On either side of my bed was a nightstand with a bell-shaped lamp, and in addition to a matching dresser and armoire, my room had a vanity table with an enormous oval mirror in an ivory frame decorated with hand-painted red and yellow roses. Mommy and I had often sat side by side and gazed at ourselves in the mirror while we did our hair and makeup and had our girl-to-girl talks, as she liked to call them. Now, she said, they would be woman to woman; but soon they would be few and far between, for I was about to go to college. I had been so anxious to grow up and so excited about reaching this day, but now that it was finally here, I couldn't help feeling somewhat melancholy too.
Good-bye to my Huckleberry Finn days, I thought. Good-bye to sleeping late on weekend mornings; good-bye to not worrying about tomorrow. Good-bye to wasting time and cramming for tests at the last moment. Good-bye to sitting outside in the garden for hours, dreaming away the afternoons. With a sweep of its hand, the clock would thrust me and my fellow graduates forward into the real world, the world of work and serious study in college where the only one looking over your shoulder was your own conscience.
As my eyes retreated from the mirror, I looked at my door and discovered it was partly open. A further investigation revealed my brother Jean on his hands and knees peering in at me and my brother Pierre on Jean's back peering in as well. The two duplicate faces with their cerulean blue eyes under their gol
den bangs gaped with curiosity and anticipation. What they expected I would do the moment I woke up on my graduation day I did not know, but I knew they were waiting for me to say or do something that they could tease me about later.

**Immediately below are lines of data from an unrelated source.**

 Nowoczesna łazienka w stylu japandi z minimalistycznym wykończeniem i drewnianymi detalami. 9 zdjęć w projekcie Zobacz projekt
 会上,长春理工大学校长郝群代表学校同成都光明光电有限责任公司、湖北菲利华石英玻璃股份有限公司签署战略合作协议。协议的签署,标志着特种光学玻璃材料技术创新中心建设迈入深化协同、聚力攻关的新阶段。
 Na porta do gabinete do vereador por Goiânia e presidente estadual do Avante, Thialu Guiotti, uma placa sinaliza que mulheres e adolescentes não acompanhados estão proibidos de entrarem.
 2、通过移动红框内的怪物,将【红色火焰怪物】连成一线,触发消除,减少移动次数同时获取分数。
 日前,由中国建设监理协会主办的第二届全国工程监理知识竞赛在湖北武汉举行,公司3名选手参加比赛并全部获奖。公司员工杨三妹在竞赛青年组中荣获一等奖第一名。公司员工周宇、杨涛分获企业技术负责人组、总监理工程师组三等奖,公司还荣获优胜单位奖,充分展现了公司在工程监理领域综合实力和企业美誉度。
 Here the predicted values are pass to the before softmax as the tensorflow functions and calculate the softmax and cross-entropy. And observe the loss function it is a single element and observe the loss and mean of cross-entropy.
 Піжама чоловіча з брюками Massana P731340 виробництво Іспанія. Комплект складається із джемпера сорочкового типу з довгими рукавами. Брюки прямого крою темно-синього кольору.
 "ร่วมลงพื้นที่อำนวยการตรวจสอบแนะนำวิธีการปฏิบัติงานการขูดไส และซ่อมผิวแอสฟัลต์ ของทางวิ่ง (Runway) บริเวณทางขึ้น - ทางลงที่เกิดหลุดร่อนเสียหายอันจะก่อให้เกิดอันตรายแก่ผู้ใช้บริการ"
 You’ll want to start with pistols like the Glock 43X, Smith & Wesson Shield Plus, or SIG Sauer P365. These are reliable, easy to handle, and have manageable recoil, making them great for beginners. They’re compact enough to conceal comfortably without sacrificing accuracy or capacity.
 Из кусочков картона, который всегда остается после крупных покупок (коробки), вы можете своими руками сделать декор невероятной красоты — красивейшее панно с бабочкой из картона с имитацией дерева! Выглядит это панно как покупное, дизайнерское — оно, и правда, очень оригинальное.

"Jean! Pierre! What are you doing?" I cried. The two stumbled sideways. Laughing and squealing, they scurried back to their room, the room that had once been our great-uncle Jean's room, my mother's father's brother. I heard them slam their door shut and all was quiet for a moment.
Most of the time the twins were like two puppies sniffing and poking where they didn't belong. Usually it got them into some sort of trouble, and Daddy, despite his apparent reluctance to do so, had to discipline them. He was very fond of his twin sons, very proud or them, and full of expectations for them, too.
Between the two of them, they did seem to mirror Daddy. Jean had his athletic ability, his love of sports and hunting and fishing. Pierre had his inquisitiveness, his sensitivity and love of the arts, but neither looked down on the other. Rather, my twin brothers were like halves of one brother, a hybrid called Pierre-Jean. What one couldn't do, the other did for him, and what one didn't think, the other thought for him. They were already the Two Musketeers and didn't need a third.
What was amazing to everyone, even the most skeptical, was the way they both came down with the same childhood diseases at just about the same time. If one got a cold, the other was sure to have it minutes later, and I swear, whenever Jean bumped his head or his knee, Pierre grimaced with just as much pain, and vice versa.